"""

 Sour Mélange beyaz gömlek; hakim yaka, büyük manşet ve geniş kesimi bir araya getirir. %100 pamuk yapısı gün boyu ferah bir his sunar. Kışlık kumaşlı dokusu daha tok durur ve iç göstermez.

"""
"""

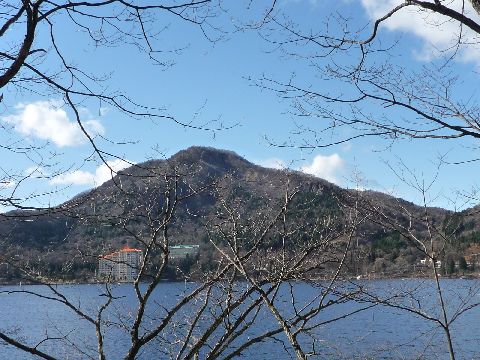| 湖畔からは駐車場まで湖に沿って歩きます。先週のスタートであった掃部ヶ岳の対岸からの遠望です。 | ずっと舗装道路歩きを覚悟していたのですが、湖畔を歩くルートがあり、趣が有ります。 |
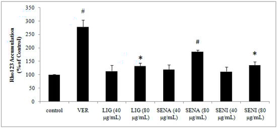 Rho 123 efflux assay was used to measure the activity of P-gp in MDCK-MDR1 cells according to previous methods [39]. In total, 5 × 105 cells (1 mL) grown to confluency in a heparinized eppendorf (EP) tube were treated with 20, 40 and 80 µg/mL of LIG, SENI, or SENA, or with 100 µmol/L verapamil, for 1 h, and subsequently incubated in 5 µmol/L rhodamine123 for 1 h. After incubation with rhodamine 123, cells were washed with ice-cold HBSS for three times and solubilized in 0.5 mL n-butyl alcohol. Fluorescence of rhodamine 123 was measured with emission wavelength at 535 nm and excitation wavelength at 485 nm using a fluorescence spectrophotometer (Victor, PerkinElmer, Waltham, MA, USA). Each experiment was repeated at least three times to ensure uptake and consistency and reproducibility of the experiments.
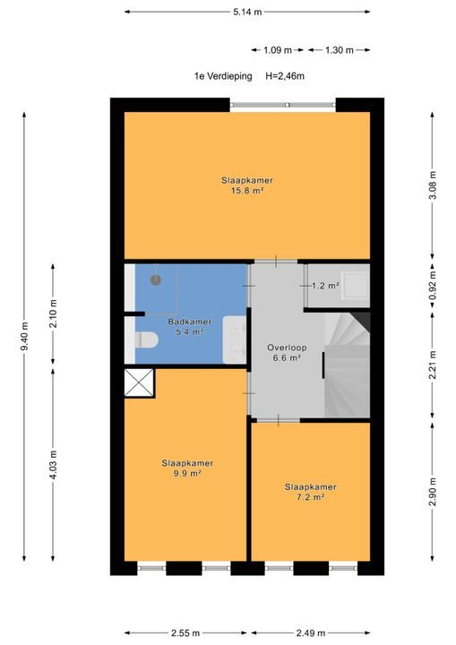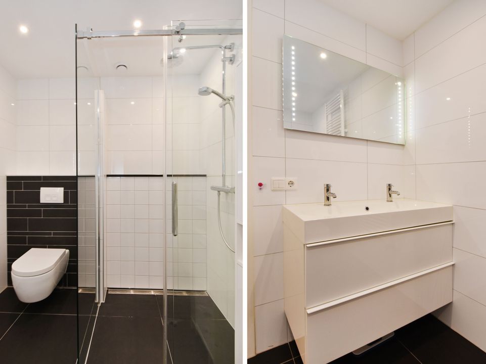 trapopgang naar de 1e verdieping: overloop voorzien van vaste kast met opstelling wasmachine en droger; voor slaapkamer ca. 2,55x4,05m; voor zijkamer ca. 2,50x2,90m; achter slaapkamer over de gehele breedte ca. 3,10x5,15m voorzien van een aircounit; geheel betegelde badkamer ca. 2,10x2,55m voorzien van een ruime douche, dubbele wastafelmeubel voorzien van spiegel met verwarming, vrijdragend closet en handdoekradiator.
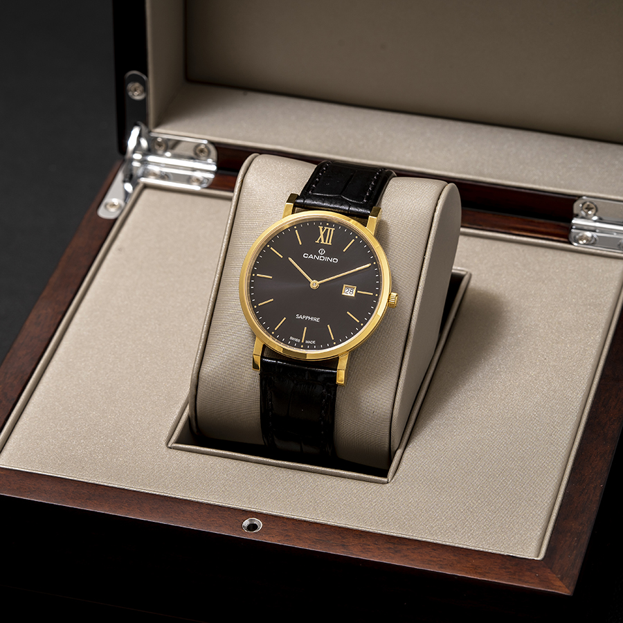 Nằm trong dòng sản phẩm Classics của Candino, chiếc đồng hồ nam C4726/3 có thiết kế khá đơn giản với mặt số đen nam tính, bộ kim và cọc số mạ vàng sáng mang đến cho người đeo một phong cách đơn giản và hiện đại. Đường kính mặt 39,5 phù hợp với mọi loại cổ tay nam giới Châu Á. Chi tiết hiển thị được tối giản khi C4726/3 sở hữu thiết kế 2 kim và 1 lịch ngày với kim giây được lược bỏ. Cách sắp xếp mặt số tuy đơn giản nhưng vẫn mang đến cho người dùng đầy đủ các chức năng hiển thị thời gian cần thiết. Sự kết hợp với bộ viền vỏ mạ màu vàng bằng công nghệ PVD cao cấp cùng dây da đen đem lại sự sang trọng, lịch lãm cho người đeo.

"""

Reproduce the listing above exactly from the line containing "trapopgang naar de" up to and including the line containing "Nằm trong dòng", omitting any images and everything outside those lines.

◆ **SOLUTION**:
 trapopgang naar de 1e verdieping: overloop voorzien van vaste kast met opstelling wasmachine en droger; voor slaapkamer ca. 2,55x4,05m; voor zijkamer ca. 2,50x2,90m; achter slaapkamer over de gehele breedte ca. 3,10x5,15m voorzien van een aircounit; geheel betegelde badkamer ca. 2,10x2,55m voorzien van een ruime douche, dubbele wastafelmeubel voorzien van spiegel met verwarming, vrijdragend closet en handdoekradiator.
 Nằm trong dòng sản phẩm Classics của Candino, chiếc đồng hồ nam C4726/3 có thiết kế khá đơn giản với mặt số đen nam tính, bộ kim và cọc số mạ vàng sáng mang đến cho người đeo một phong cách đơn giản và hiện đại. Đường kính mặt 39,5 phù hợp với mọi loại cổ tay nam giới Châu Á. Chi tiết hiển thị được tối giản khi C4726/3 sở hữu thiết kế 2 kim và 1 lịch ngày với kim giây được lược bỏ. Cách sắp xếp mặt số tuy đơn giản nhưng vẫn mang đến cho người dùng đầy đủ các chức năng hiển thị thời gian cần thiết. Sự kết hợp với bộ viền vỏ mạ màu vàng bằng công nghệ PVD cao cấp cùng dây da đen đem lại sự sang trọng, lịch lãm cho người đeo.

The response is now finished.